**Exercise aim:** Reproduce the entries below exactly, but only from the line containing "INCLUYE 12 ANIMALITOS" to the line containing "Vetements X Levis", inclusive.

**Material to process:**
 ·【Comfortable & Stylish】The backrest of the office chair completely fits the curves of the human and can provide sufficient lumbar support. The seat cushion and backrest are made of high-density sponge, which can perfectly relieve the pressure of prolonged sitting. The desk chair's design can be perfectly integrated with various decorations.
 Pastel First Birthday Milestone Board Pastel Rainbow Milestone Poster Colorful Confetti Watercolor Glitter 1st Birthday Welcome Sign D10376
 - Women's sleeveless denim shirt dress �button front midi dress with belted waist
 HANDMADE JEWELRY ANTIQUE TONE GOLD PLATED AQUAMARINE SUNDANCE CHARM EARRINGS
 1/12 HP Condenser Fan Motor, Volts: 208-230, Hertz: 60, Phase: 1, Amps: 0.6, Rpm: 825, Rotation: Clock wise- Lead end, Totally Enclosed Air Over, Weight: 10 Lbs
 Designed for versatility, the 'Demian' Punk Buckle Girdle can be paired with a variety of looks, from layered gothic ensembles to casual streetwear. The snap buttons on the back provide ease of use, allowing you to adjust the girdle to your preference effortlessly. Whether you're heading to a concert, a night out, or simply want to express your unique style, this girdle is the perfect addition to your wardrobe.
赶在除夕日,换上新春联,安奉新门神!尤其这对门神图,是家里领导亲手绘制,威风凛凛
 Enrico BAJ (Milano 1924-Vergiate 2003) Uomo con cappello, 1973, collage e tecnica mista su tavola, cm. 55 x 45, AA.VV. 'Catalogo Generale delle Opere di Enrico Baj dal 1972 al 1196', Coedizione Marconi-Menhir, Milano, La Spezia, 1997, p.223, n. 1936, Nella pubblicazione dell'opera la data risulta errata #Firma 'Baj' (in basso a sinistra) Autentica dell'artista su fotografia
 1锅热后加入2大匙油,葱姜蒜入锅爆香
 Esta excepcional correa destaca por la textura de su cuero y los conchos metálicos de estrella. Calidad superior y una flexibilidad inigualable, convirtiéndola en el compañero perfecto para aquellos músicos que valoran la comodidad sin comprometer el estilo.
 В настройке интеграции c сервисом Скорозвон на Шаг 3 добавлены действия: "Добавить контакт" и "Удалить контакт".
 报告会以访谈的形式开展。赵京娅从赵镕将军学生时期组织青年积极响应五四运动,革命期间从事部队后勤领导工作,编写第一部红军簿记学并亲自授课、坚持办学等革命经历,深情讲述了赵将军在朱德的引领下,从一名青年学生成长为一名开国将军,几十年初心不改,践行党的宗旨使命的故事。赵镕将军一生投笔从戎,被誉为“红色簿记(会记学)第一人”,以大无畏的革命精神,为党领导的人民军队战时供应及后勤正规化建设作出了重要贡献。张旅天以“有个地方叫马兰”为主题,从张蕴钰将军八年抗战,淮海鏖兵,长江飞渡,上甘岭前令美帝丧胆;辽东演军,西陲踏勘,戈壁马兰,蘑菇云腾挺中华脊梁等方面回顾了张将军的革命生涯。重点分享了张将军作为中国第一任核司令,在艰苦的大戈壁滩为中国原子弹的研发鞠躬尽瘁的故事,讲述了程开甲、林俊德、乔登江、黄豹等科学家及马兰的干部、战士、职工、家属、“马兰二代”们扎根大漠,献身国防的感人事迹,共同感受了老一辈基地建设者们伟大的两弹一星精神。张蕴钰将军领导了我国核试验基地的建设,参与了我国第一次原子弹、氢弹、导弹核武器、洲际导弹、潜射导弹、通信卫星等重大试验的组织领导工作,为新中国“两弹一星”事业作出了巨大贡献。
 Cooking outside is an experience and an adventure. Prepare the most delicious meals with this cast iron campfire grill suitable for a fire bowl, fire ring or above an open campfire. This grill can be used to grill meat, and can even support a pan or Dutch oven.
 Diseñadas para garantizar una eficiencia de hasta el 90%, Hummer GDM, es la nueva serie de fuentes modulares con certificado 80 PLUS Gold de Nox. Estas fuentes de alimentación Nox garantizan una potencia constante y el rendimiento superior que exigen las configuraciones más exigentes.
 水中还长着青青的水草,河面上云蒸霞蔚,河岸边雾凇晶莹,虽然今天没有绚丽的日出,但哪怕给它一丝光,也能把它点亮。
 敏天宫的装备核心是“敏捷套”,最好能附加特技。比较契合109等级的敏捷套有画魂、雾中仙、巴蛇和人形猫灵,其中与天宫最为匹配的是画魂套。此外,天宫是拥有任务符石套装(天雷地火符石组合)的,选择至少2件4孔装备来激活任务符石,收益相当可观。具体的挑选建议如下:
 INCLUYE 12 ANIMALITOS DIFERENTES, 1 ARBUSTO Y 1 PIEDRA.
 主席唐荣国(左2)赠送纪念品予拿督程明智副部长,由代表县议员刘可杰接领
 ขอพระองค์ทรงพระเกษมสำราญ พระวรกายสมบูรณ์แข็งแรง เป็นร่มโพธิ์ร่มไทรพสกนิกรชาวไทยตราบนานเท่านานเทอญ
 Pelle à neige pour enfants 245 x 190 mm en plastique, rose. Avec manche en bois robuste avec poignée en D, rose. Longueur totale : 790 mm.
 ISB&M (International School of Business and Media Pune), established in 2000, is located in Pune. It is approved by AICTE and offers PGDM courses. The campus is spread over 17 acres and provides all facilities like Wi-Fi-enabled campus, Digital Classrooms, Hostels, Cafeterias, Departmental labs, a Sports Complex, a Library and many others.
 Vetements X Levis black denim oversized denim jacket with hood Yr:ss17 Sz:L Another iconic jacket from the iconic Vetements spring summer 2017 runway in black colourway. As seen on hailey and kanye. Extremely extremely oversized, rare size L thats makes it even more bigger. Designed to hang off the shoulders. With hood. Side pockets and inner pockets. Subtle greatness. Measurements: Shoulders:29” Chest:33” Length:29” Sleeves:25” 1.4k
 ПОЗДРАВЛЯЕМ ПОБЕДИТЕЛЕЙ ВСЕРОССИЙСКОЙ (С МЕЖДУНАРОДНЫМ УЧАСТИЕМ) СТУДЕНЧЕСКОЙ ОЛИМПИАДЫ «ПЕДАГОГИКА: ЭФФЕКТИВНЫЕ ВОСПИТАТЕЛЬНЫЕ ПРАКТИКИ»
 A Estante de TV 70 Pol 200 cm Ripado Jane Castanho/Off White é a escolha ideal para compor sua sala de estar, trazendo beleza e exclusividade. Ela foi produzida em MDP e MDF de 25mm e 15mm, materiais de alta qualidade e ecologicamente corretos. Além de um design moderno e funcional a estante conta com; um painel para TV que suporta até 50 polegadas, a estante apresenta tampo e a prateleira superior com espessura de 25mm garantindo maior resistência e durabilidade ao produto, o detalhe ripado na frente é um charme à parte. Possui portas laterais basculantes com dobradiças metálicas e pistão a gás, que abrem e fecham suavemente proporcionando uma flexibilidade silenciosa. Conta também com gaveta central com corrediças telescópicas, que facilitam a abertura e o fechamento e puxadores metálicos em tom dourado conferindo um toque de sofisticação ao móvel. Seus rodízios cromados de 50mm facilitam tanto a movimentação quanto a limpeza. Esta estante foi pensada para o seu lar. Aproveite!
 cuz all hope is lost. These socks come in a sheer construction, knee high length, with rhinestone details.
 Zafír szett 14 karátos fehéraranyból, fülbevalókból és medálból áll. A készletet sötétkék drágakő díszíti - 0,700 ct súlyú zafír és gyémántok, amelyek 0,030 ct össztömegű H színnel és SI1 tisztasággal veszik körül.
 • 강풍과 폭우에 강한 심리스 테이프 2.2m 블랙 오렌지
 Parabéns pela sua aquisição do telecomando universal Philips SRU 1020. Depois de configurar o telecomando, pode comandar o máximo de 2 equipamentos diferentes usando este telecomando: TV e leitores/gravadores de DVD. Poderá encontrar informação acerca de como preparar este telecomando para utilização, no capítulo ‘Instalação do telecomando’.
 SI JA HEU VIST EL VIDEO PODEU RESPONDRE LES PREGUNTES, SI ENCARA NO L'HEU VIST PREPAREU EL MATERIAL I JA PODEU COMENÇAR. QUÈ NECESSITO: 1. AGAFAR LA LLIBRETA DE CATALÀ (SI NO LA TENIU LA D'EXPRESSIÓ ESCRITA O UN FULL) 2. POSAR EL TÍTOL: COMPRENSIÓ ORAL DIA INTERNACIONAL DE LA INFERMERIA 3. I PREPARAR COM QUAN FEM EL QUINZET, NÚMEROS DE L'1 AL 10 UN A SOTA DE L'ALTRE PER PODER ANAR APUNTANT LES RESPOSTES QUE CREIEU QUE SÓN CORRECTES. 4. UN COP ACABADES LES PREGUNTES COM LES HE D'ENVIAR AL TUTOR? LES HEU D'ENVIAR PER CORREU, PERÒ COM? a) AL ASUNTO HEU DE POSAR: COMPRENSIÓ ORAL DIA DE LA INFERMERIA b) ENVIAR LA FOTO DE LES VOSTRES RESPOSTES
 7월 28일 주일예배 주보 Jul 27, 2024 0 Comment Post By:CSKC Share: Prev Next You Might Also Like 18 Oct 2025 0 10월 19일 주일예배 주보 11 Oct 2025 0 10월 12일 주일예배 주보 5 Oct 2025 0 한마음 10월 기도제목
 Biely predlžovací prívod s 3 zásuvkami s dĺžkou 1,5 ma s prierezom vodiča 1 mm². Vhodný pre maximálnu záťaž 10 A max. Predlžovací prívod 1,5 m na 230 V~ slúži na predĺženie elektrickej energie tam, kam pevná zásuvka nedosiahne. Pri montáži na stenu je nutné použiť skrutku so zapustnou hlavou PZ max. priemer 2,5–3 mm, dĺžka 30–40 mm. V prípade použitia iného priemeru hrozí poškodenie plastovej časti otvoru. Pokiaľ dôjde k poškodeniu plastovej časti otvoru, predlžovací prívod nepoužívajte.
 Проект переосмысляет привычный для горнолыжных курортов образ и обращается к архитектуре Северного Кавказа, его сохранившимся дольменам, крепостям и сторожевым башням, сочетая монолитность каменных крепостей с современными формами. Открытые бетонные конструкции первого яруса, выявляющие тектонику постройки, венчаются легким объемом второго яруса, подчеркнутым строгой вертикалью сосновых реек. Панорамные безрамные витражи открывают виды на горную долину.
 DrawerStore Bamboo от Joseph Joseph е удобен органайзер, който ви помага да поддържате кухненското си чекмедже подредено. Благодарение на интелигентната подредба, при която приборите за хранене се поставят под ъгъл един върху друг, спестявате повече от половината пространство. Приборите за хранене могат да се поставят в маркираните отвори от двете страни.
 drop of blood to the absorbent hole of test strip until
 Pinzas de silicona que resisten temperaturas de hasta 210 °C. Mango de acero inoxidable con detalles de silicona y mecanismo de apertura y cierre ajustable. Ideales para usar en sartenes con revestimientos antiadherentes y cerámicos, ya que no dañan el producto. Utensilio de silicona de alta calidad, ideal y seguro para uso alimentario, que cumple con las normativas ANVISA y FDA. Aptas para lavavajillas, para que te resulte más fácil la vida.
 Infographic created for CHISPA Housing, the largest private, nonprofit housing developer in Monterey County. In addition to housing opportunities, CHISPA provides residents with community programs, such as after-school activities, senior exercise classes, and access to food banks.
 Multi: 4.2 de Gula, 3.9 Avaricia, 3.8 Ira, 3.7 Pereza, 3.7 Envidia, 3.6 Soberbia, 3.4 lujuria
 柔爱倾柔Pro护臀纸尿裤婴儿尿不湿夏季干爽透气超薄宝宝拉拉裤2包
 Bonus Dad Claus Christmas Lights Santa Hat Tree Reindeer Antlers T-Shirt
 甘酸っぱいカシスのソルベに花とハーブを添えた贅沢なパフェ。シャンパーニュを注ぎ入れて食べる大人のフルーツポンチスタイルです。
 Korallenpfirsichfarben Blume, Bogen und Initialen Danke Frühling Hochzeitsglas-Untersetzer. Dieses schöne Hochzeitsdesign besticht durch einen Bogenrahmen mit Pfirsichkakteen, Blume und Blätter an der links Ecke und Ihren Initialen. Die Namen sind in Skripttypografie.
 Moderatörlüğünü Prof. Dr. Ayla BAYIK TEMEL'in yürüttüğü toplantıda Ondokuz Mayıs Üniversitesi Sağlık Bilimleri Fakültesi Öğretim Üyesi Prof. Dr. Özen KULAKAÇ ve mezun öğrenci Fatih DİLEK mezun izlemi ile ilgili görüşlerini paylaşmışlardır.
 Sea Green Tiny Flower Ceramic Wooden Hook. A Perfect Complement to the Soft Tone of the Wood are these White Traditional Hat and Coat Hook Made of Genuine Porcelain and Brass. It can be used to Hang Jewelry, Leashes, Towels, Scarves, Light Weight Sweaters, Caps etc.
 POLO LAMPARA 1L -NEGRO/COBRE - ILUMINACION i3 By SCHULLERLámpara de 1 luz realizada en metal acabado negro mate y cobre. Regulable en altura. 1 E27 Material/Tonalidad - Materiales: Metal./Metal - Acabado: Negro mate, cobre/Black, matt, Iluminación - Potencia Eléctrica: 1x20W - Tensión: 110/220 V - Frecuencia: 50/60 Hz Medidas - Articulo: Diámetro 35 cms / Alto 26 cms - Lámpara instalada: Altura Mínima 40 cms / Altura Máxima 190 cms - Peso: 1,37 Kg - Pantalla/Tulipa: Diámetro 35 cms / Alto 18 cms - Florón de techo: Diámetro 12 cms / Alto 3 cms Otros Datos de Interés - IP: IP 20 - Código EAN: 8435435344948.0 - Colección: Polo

**Solution for this task:**
 INCLUYE 12 ANIMALITOS DIFERENTES, 1 ARBUSTO Y 1 PIEDRA.
 主席唐荣国(左2)赠送纪念品予拿督程明智副部长,由代表县议员刘可杰接领
 ขอพระองค์ทรงพระเกษมสำราญ พระวรกายสมบูรณ์แข็งแรง เป็นร่มโพธิ์ร่มไทรพสกนิกรชาวไทยตราบนานเท่านานเทอญ
 Pelle à neige pour enfants 245 x 190 mm en plastique, rose. Avec manche en bois robuste avec poignée en D, rose. Longueur totale : 790 mm.
 ISB&M (International School of Business and Media Pune), established in 2000, is located in Pune. It is approved by AICTE and offers PGDM courses. The campus is spread over 17 acres and provides all facilities like Wi-Fi-enabled campus, Digital Classrooms, Hostels, Cafeterias, Departmental labs, a Sports Complex, a Library and many others.
 Vetements X Levis black denim oversized denim jacket with hood Yr:ss17 Sz:L Another iconic jacket from the iconic Vetements spring summer 2017 runway in black colourway. As seen on hailey and kanye. Extremely extremely oversized, rare size L thats makes it even more bigger. Designed to hang off the shoulders. With hood. Side pockets and inner pockets. Subtle greatness. Measurements: Shoulders:29” Chest:33” Length:29” Sleeves:25” 1.4k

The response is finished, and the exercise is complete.